Material for this task START
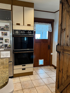 Original Author29 days ago@rebunky I do love your creativity. You have a good idea and if we didn't have such beautiful views from the large living room window, I would highly consider it. I'd have to shrink the living room window a lot to put cabinets under it since it is only 24 3/8" above the floor and then move all the plumbing and gas lines. I have no idea what I would use the current kitchen space for. Once I get a chance to take pictures and post them here it'll help you see how beautifully the whole downstairs layout flows. I know the walkways are narrow, but it really does not feel tight as we move around. Believe it or not, I have the kitchen floor plans and 3D renderings from 1984. I do not have the whole addition's plans. An actual kitchen design company created it and had the European-style laminate cabinets shipped from Germany. Previous owners removed the upper cabinets that were above our peninsula to open it up more, which I like. I just wish they were paintable cabinets with regular hardware because I would totally repaint them, update the hardware, change the flooring, and be happy.
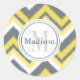 Monogrammed Grey Yellow Ikat Chevron Pattern Classic Round Sticker
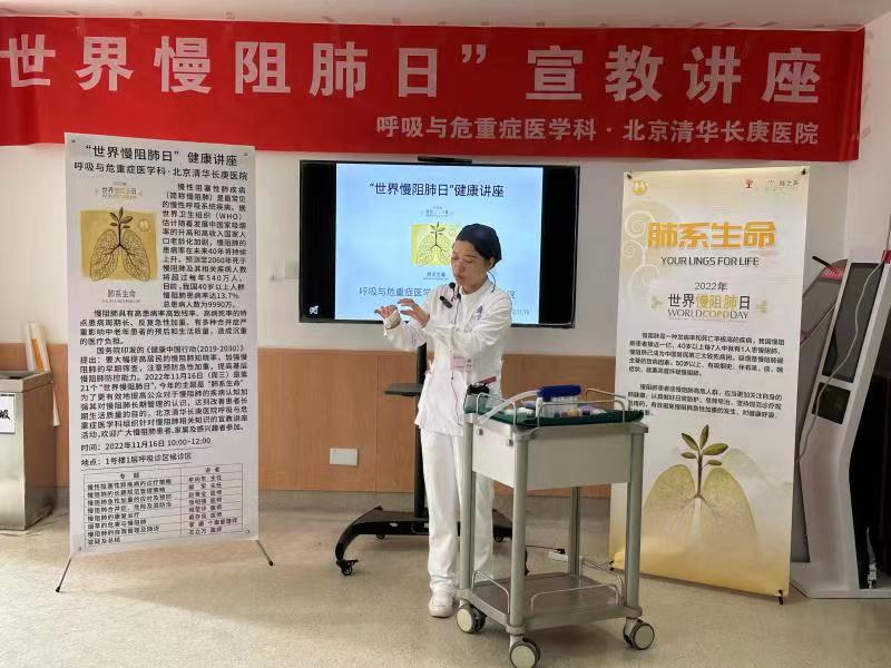 国务院印发的《健康中国行动(2019-2030)》提出:要大幅提高居民的慢阻肺知晓率,加强慢阻肺的早期筛查,注意预防急性加重,提高基层慢阻肺防控能力。2022年11月16日(周三)是第21个“世界慢阻肺日”,今年的主题是“肺系生命”。为了更有效地提高公众对于慢阻肺的疾病认知,加强其对慢阻肺长期管理的认识,达到改善患者长期生活质量的目的,北京清华长庚医院呼吸与危重症医学科组织针对慢阻肺相关知识的宣教讲座活动,并获得圆满成功。
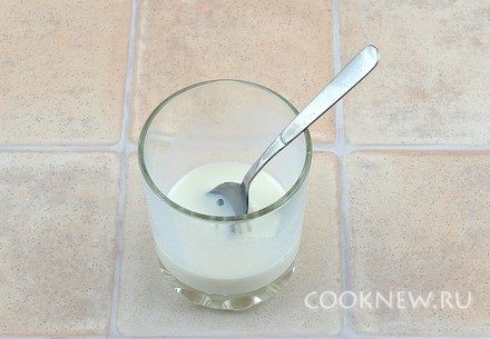 Крахмал залить 50 мл молока, перемешать
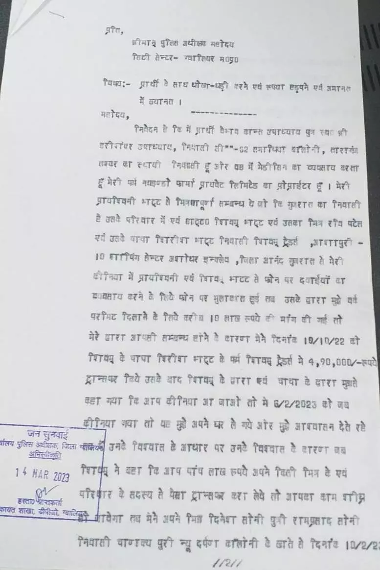 |ग्वालियर। गुजरात में रहने वाले दो भाइयों ने ग्वालियर के दवा विक्रेता से केन्या का वर्क परमिट दिलाने के नाम पर करीब 10 लाख रूपए ठग लिए। मामले का खुलासा पीड़ित के एसपी ऑफिस में जनसुनवाई में अपील के बाद सामने आया। मामला सामने आने के बाद एसपी ने मामले की जांच करने के आदेश दे दिए है।
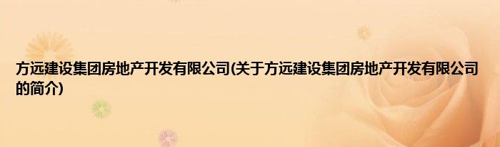 大家好,方远建设集团房地产开发有限公司,关于方远建设集团房地产开发有限公司的简介很多人还不知道,现在让我们一起来看看吧!
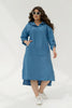 Рокля от лен с качулка. Модерна и стилна рокля в миди дължина и спуснати рамене. Роклята е в свободна кройка в стил овърсайз с дълъг ръкав. Малко V-образно деколте, преминаващо в качулка. Дизайнерите добавиха голям функционален джоб на предната част на роклята. Роклята е удължена в задната част. На модела е показан размер 2XL-3XL.
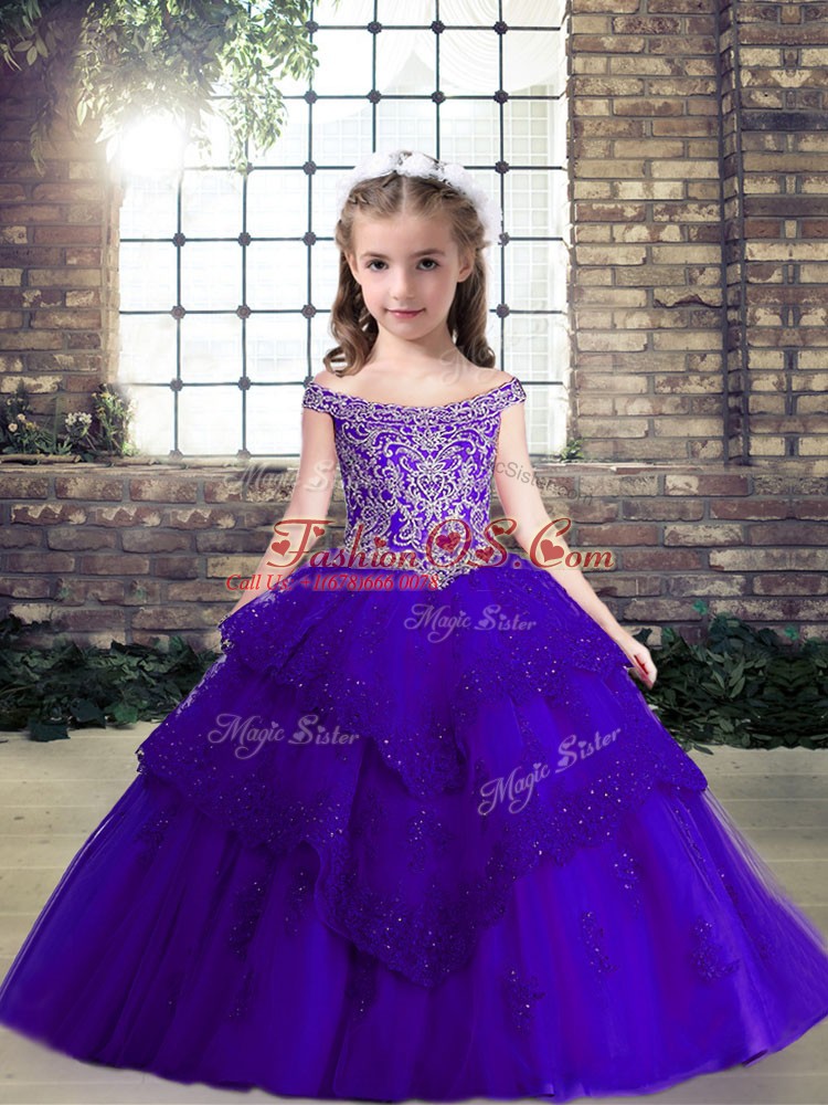 Home >  Special Occasion Dresses >  Lovely Little Girl Pageant Dresses > Floor Length Purple Child Pageant Dress Tulle Sleeveless Beading and Lace and Appliques
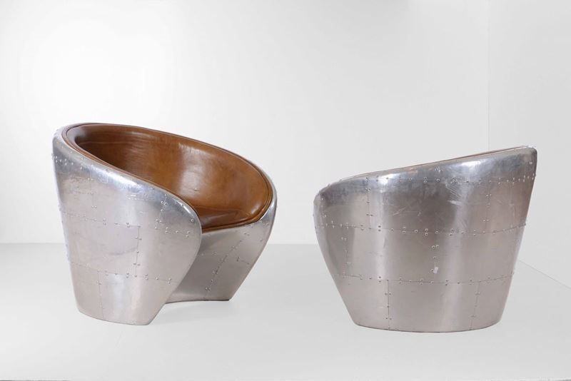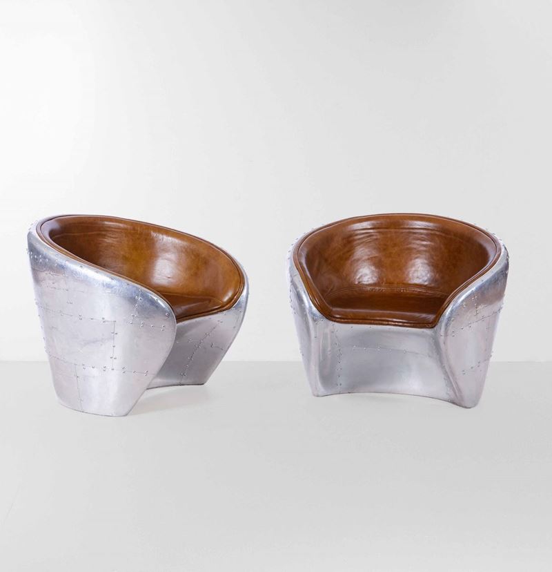 Coppia di poltrone con struttura in metallo, legno e rivestimento in pelle.
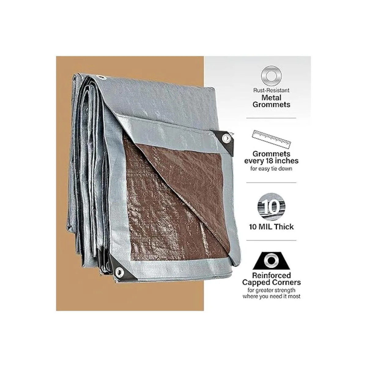 Lona resistente de 10 x 12 pulgadas, 10 mil de grosor, impermeable, resistente al desgarro y a la decoloración, alta durabilidad, tratamiento UV, ojales cada 18 pulgadas. plateadomarrón reversible 10 x 12 pies
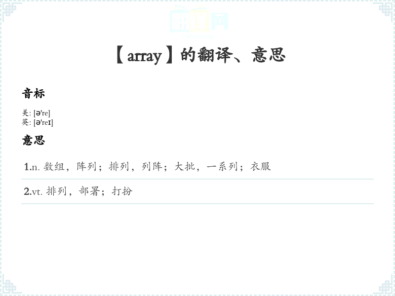 1.n. 数组,阵列;排列,列阵;大批,一系列;衣服 2.vt. 排列,部署;打扮
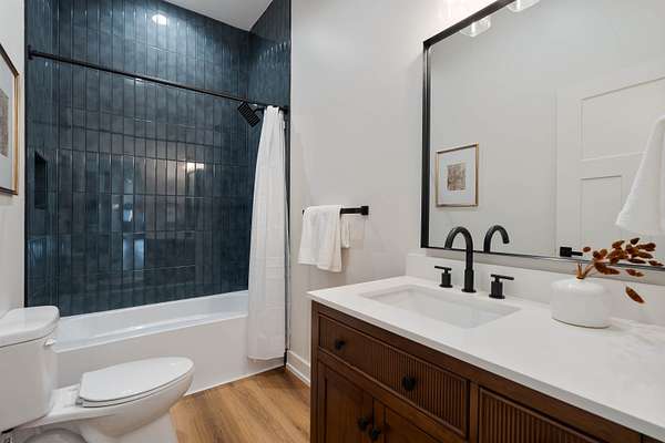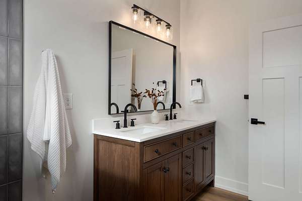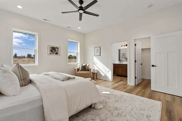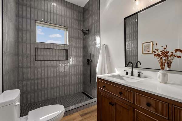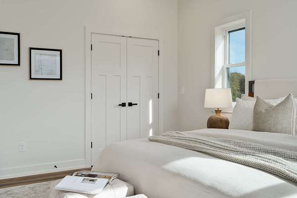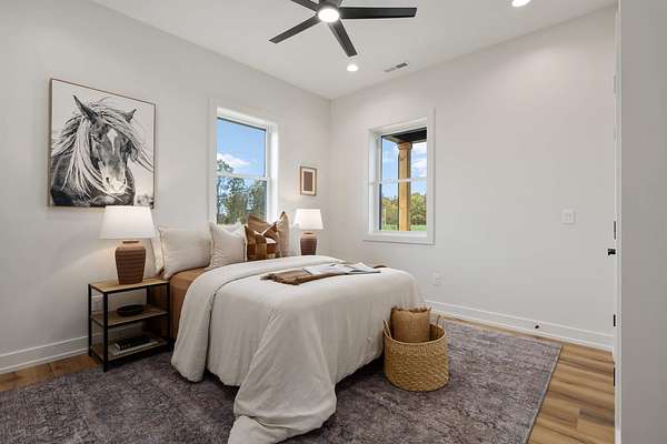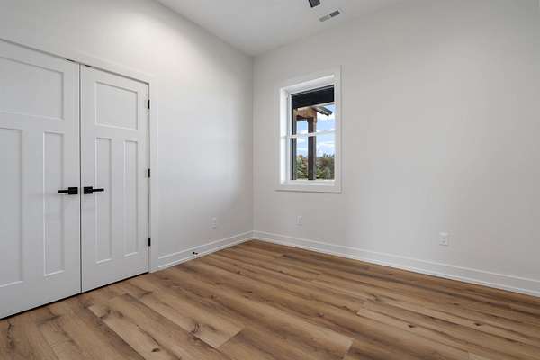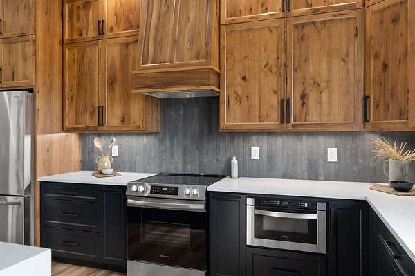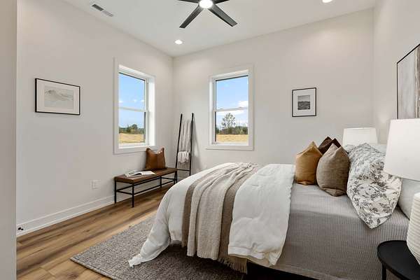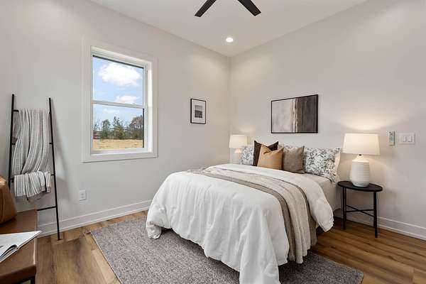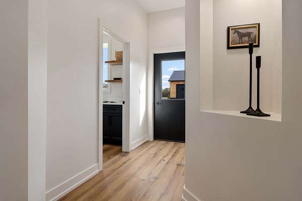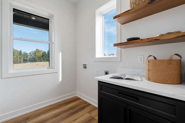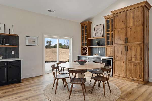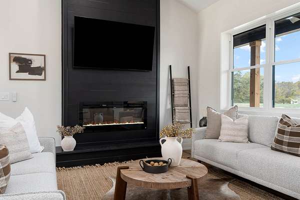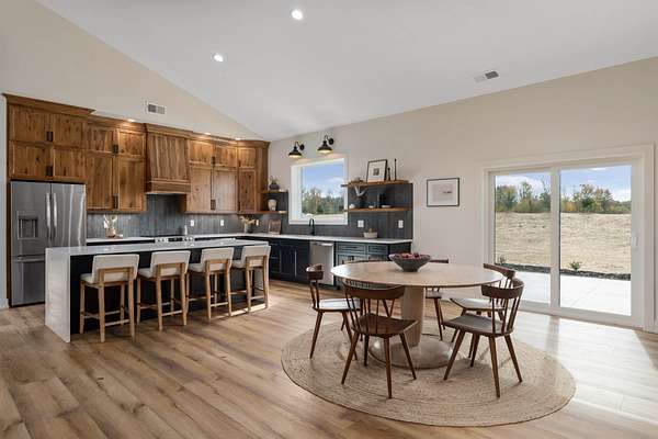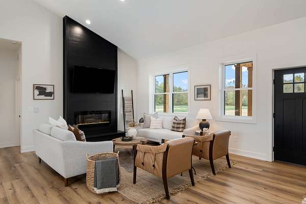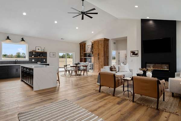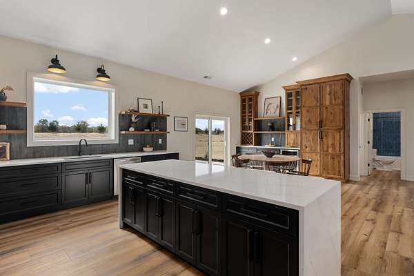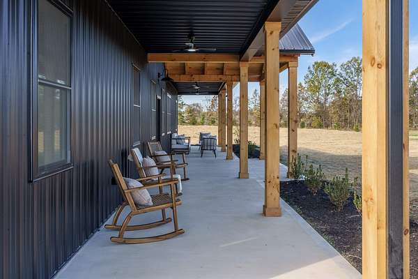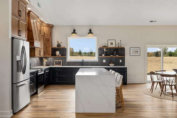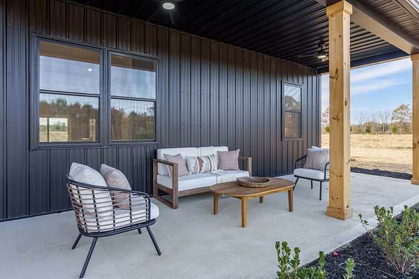 Stunning brand-new Amish-Built Barndominium on almost 4 acres, a true showcase of craftsmanship and modern design. This custom home combines timeless quality with contemporary comfort, offering over 2,000 square feet of beautifully finished living space. The striking exterior features sleek black metal siding and roof, paired with a detached, oversized two-car garage designed with extra height for larger vehicles or workshop needs. Inside, Amish handcrafted Character Hickory cabinetry anchors a gourmet kitchen accented by gleaming white quartz countertops, soft-close drawers, and premium fixtures. A floor-to-ceiling shiplap fireplace serves as the home's centerpiece, bringing rustic charm with a refined edge. The adjoining coffee bar with a built-in mini fridge and oversized pantry add both convenience and sophistication. Throughout the home, wide-plank luxury vinyl flooring enhances the spacious flow, while natural light fills every room. The layout includes four generous bedrooms, highlighted by a primary suite featuring a custom tile shower and thoughtful finishes that make every day feel like a retreat. Additional upgrades include a tankless water heater, extensive landscaping, and a private drive that ensures peace and seclusion from the moment you arrive. Blending the craftsmanship of Amish tradition with the style and functionality of today's best designs, this home is the perfect balance of rural tranquility and modern luxury.
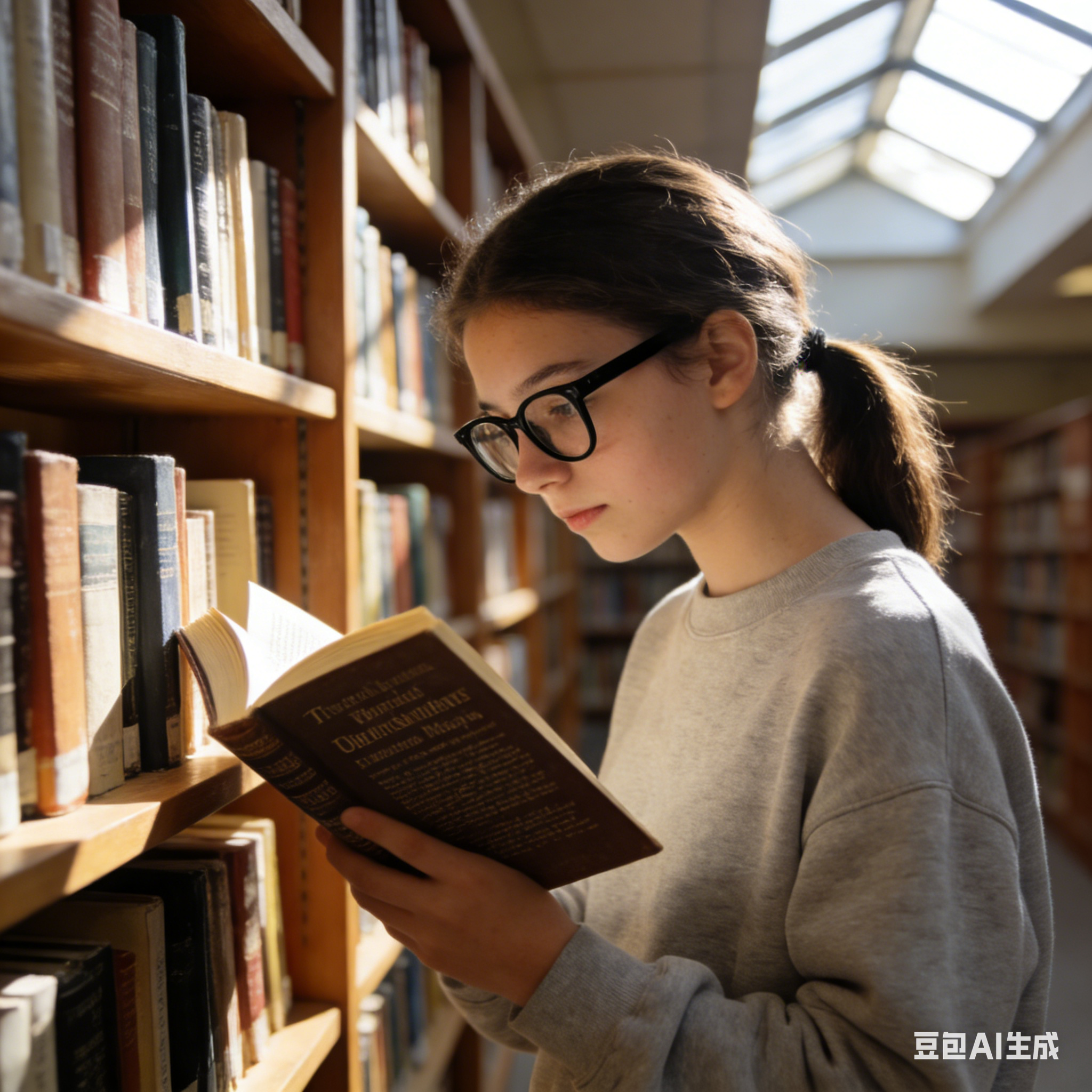图书馆的书架旁,一个戴着黑框眼镜的女孩正在认真看书。她穿着浅灰色的卫衣,头发扎成低马尾,手中拿着一本厚厚的文学名著,目光专注地落在书页上。书架上摆满了各种书籍,阳光透过图书馆的天窗洒在她的身上,画面安静又充满书香气。 |
Material for this task END
- [Your goal] From the data above, retype only the lines starting with the line with "आदेश दे दिए है।" and going on through the line with "大家好,方远建设集团房地产开", exactly, leaving out the pictures.

- [Solution]
 |ग्वालियर। गुजरात में रहने वाले दो भाइयों ने ग्वालियर के दवा विक्रेता से केन्या का वर्क परमिट दिलाने के नाम पर करीब 10 लाख रूपए ठग लिए। मामले का खुलासा पीड़ित के एसपी ऑफिस में जनसुनवाई में अपील के बाद सामने आया। मामला सामने आने के बाद एसपी ने मामले की जांच करने के आदेश दे दिए है।
 大家好,方远建设集团房地产开发有限公司,关于方远建设集团房地产开发有限公司的简介很多人还不知道,现在让我们一起来看看吧!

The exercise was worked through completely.